**THE PROBLEM:** Copy, word for word, the lines of the listing below from the line with "The plain architectural" up to and including the line with "The ultra hi-res". Drop the pictures.

**SOURCE RECORDS:**
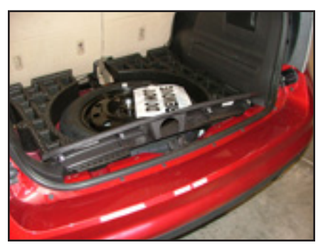
STEP 2 Remove threshold plate by lifting directly upward.
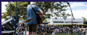
A Month of Sundays Sundays, February and March
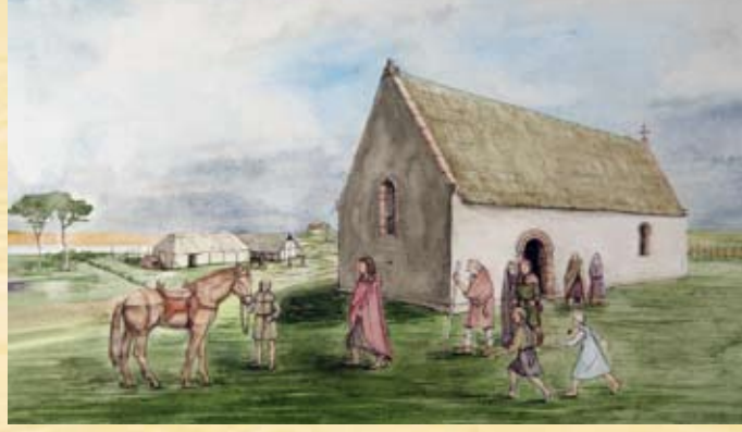
Reconstruction illustrating the Chapel in the high medieval period.

The plain architectural form and general finishes of the chapel would have been in sharp contrast to the workmanship on the decorative detailing of the window and doorway openings.
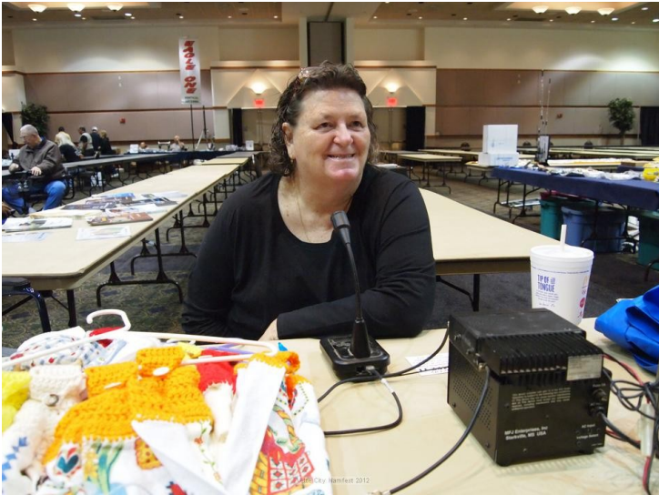
Shirlene N4JIL HF talk-in station.

I have included a few pictures, Ben W4WSM took most of the pictures, incl.those below, that will be posted on the club's web page www.kcaronline.com
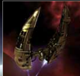
The ultra hi-res ships will be introduced next year, but they're not strictly a Kali feature
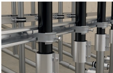
Supply lines fixed to FUS channel
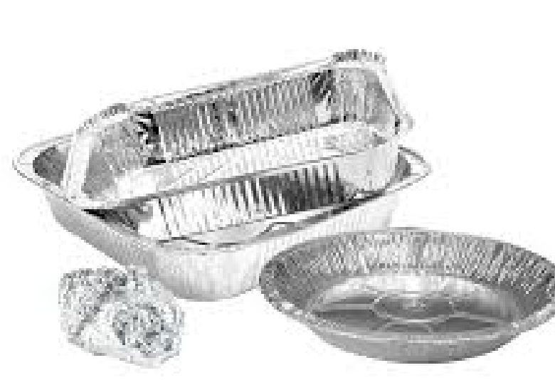
Aluminum Foil and Trays

Preparation: • Empty and rinse cans and trays to remove all residue. • Remove all paper and plastic labels.
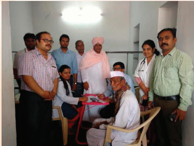
Mega Surgical Eye Camp conducted by Dept. of Ophthalmology at Sindagi on February 9, 2016.
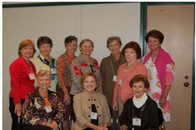
Cassina Members at District Convention
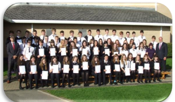
Presenting Certificates to the Going for Gold Students
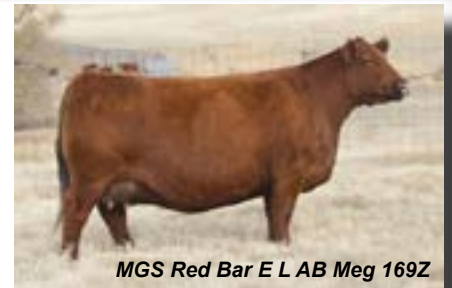
MGS Red Bar E L AB Meg 169Z
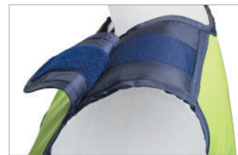
Velcro closure – shoulder
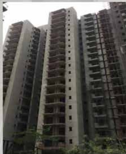
TOWER T-9 FRONT

**REPLY TO THE TASK:**
The plain architectural form and general finishes of the chapel would have been in sharp contrast to the workmanship on the decorative detailing of the window and doorway openings.
Shirlene N4JIL HF talk-in station.

I have included a few pictures, Ben W4WSM took most of the pictures, incl.those below, that will be posted on the club's web page www.kcaronline.com
The ultra hi-res ships will be introduced next year, but they're not strictly a Kali feature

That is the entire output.